A concept map is essentially a graph where directed edges indicate the relations between the nodes (sometimes also a hyper-graph having edges with more than two nodes). The idea of this project is to use concept maps to build an advanced desktop environment (beyond just fancy features). A node in the concept map corresponds to a file and files can be grouped via a single hyper-edge into belonging to a sub-set of the graph as a generalisation of directories. In this scheme a file can belong to more than one of these subsets. The user can add additional nodes to represent other relationships between files (either only between nodes belonging to the same subset or adding new edges may create new subsets). Based on the subset relations a concept of collapsing or expanding these subsets in the view can be developed to create a hierarchical view rather than always viewing the complete graph. Part of this project is to explore how to best utilise concept maps for a desktop. A suitable representation for the concept map has to be developed, basic operations on the concept map (subset grouping, adding edges and nodes, deleting edges/nodes, creating subsets, etc.) should be provided and a 2D or 3D rendering engine for these graphs is required.
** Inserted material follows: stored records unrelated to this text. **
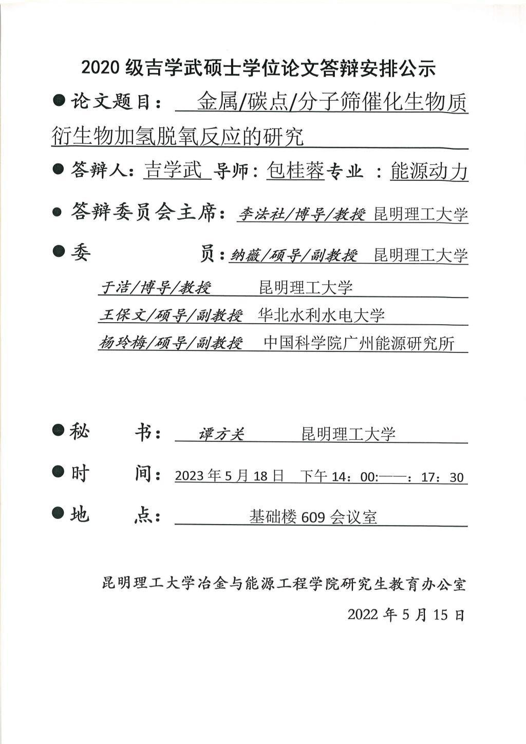硕士学位论文答辩公示——陈德权,吉学武,贾文磊,冯智,惠舜尧,刘金月,李明洋——2023.05.18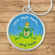 Prinzfrosch Cartoon mit Krone über grünem Gras unter blauem Himmel. Zwei benutzerdefinierte Textfelder im Kreis.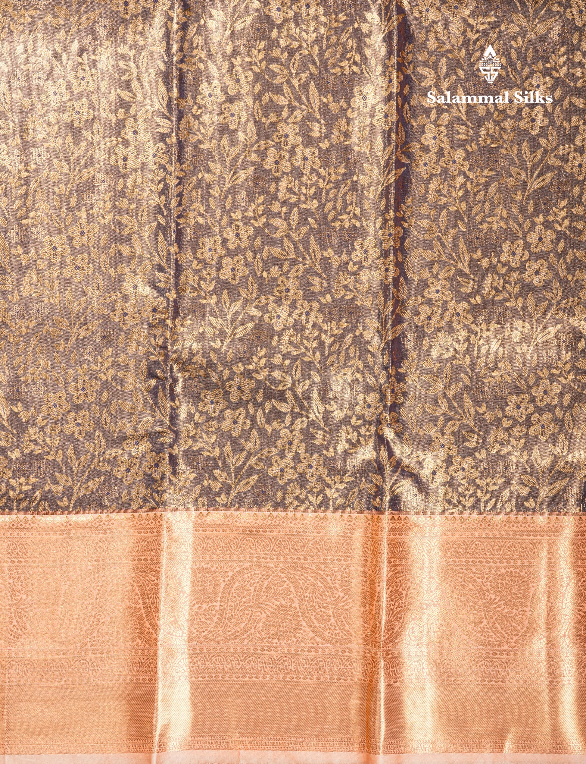 Blue Shade Bridal Tissue Semi Silk Saree With Contrast Peach Border

Note that the initial concept map could simply be the file system tree or part of it.
As a graphics project 3D rendering of the graph, possibly with simply physics simulations (see BumpTop) can also be considered (there is potential to create two separate projects from this: concept map and 3D rendering/editing of graphs or a 3D Desktop environment).
This project requires good programming skills in a language of your choice (C/C++ probably being best) and requires a good understanding of spatial data structures, graphs, and possibly databases (to store the graph data structure, etc). It should be implemented under Linux or the GNU Hurd under the GPL V3.